Pregnancy with complete mole and coexisting live fetus is rare with an incidence of 1 in 22,000–100,000 pregnancies. Such pregnancy is also known as “sad fetus syndrome.” We report a case of a 27-year-old Nigerian female (Hausa) G5P 4 + 0A2,who presented to our labor ward on the March 19, 2016, at 34-week gestational age with complaints of bleeding per vaginum and associated labor pains. Transabdominal two-dimensional ultrasound on admission revealed a live fetus in breech presentation, with anteriorly located placenta and a huge mass of mixed echogenicity with “snow-storm” pattern within the uterine cavity posteriorly located and not occluding internal os. She had assisted breech delivery of a live male infant with Apgar scores of 6 and 9 in the first and 15th min, respectively, and weight of 2.5 kg. The placenta was delivered by controlled cord traction, and she expelled “grape-like” tissues as well. In Kano, patients do attend different hospitals and present to the tertiary center when complications arise. We believe that this case will increase vigilance of medical personnel, who evaluate patients during first presentation to the hospital.
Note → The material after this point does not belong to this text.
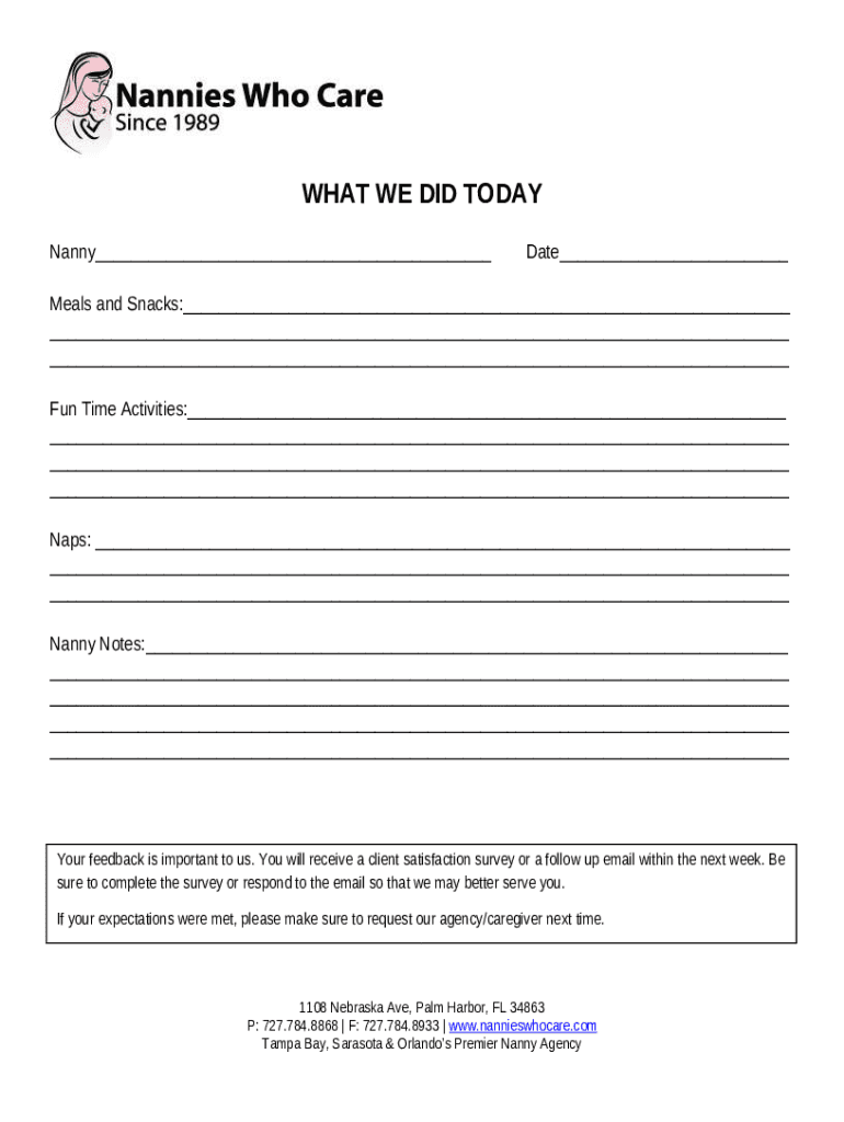 WHAT WE DID TODAY Nanny___Date___Meals and Snacks:___ ___ ___ Fun Time Activities:___ ___ ___ ___ Naps: ___ ___ ___ Nanny Notes:___ ___ ___ ___ ___Your feedback is important to us. You will receive

Keywords: Complete mole, gestational trophoblastic disease, hydatidiform mole


How to cite this article:
Adamou N, Umar UA, Umar AB, Dayyabu AL, Abdulrahaman A. Hydatidiform mole coexisting with a live fetus: Case report and literature review. Ann Trop Pathol 2018;9:93-7

How to cite this URL:
Adamou N, Umar UA, Umar AB, Dayyabu AL, Abdulrahaman A. Hydatidiform mole coexisting with a live fetus: Case report and literature review. Ann Trop Pathol [serial online] 2018 [cited 2024 Mar 28];9:93-7. Available from: https://www.atpjournal.org/text.asp?2018/9/1/93/234146


  Introduction Top


Gestational trophoblastic disease refers to a spectrum of interrelated but histologically distinct tumors originating from the placenta.[1] The most common presentation in the spectrum of gestational trophoblastic disease is hydatidiform mole, categorized as either complete or partial. Complete moles have diploid karyotype and all 46 chromosomes. They are of paternal origin as a result of fertilization of an ovum lacking maternal genes by haploid sperm that duplicates its chromosomes or by dispermic fertilization. It is characterized by varying degrees of trophoblastic proliferation and edema of the chorionic villi with no evidence of fetal tissue development. Partial mole has triploid karyotype, 69 chromosomes composed of two haploid sets of paternal and one set of maternal origin resulting from dispermic fertilization of a normal ovum. The fetus coexisting with partial mole is triploid with abnormal growth and multiple malformations.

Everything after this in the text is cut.